Retype each line of the data below exactly, beginning with the first and ending with the one that contains "Рис. 8. Зависимости". Pictures do not belong in the copy.
-------- Exercise data
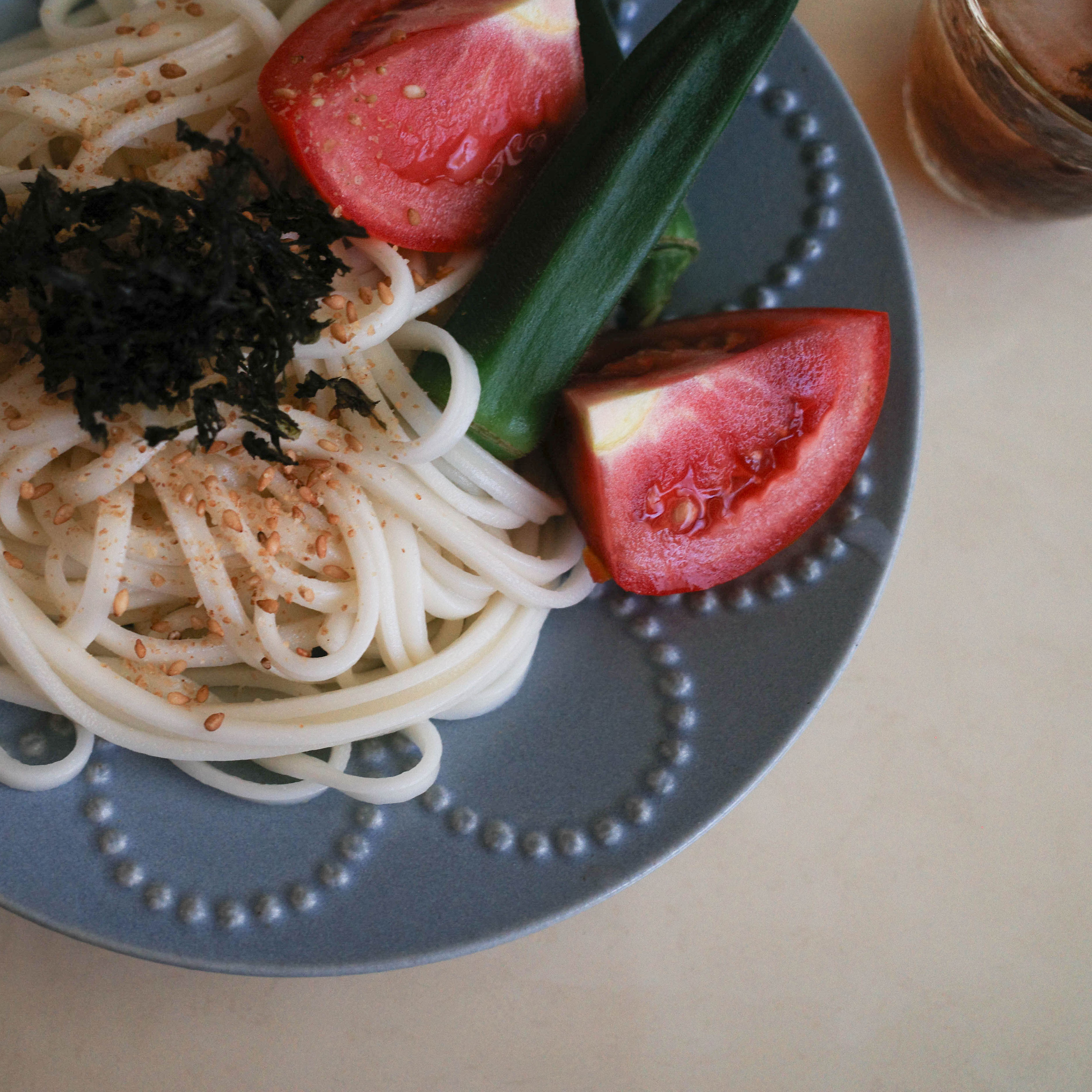 3. 於Q彈冰涼的烏龍麵撒上金芝麻與花海苔,擺放番茄與川燙後的秋葵,搭佐醬汁沾食。
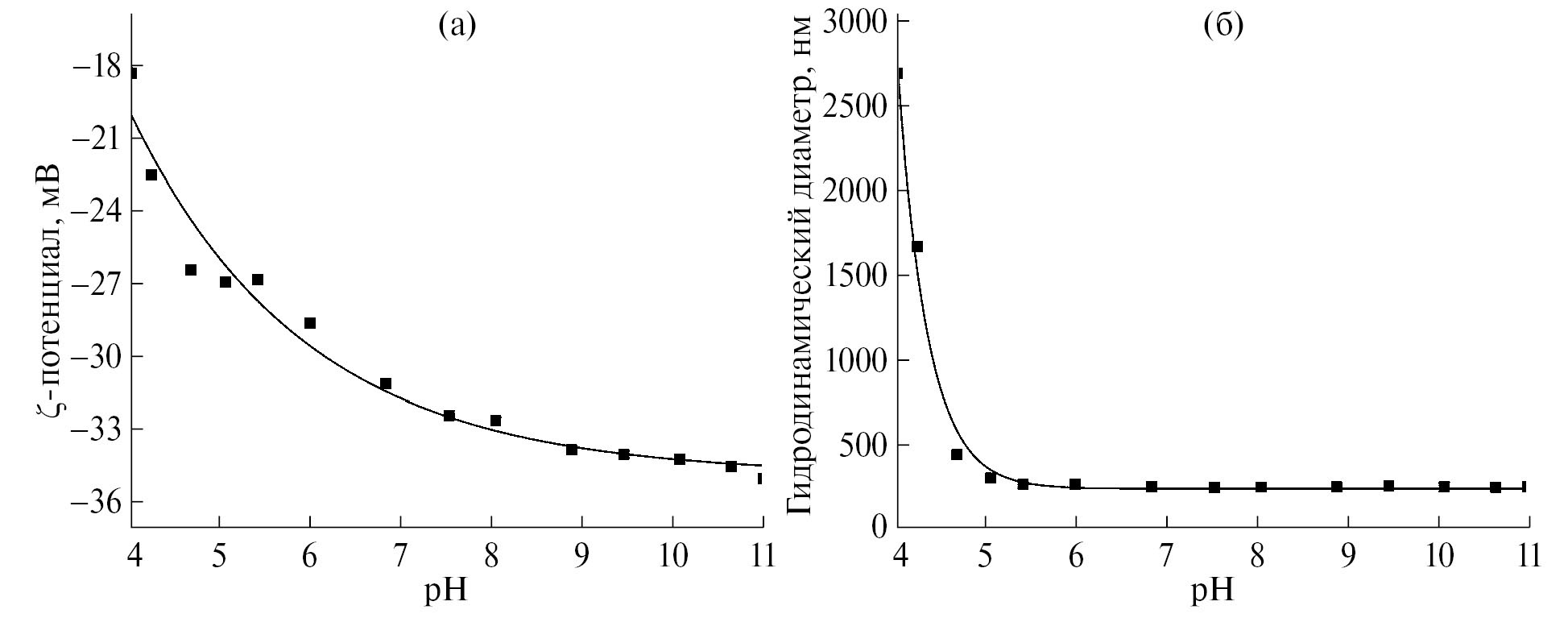 Рис. 8. Зависимости гидродинамического диаметра (a) и ζ-потенциала (б) наночастиц CuO (образец 3, табл. 2), стабилизированных монозамещенным цитратом натрия, от величины pH.
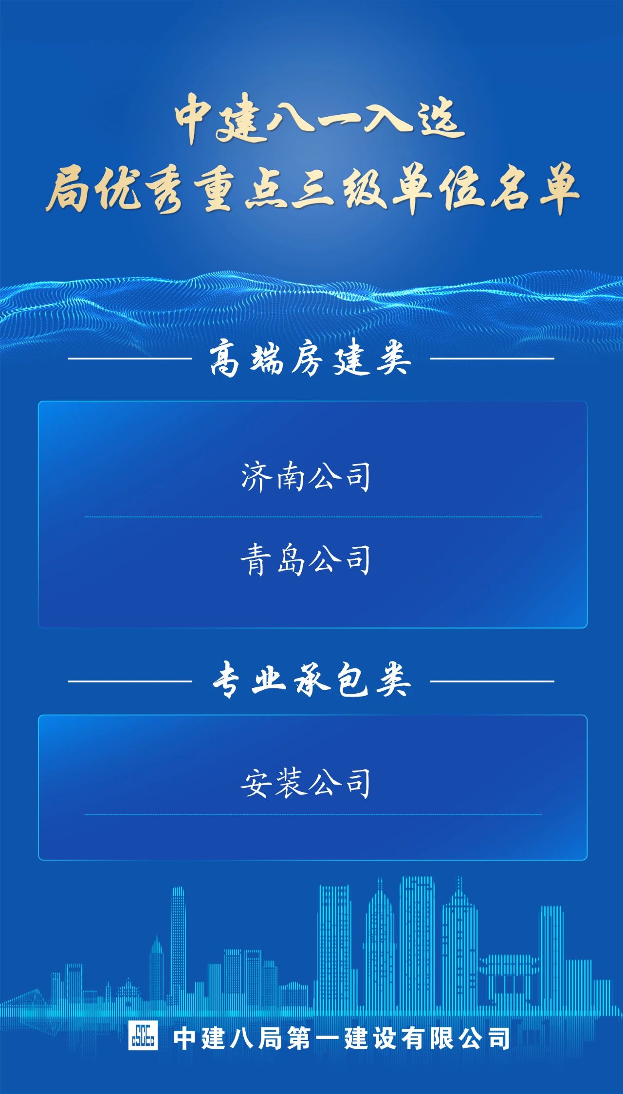 7月22日,中建八局2023年度優(yōu)秀重點(diǎn)三級(jí)單位名單公布,中建八一共3家單位上榜,其中,濟(jì)南公司、安裝公司分別位列高端房建類、專業(yè)承包類第一名。
----------------
#### Response below:
 3. 於Q彈冰涼的烏龍麵撒上金芝麻與花海苔,擺放番茄與川燙後的秋葵,搭佐醬汁沾食。
 Рис. 8. Зависимости гидродинамического диаметра (a) и ζ-потенциала (б) наночастиц CuO (образец 3, табл. 2), стабилизированных монозамещенным цитратом натрия, от величины pH.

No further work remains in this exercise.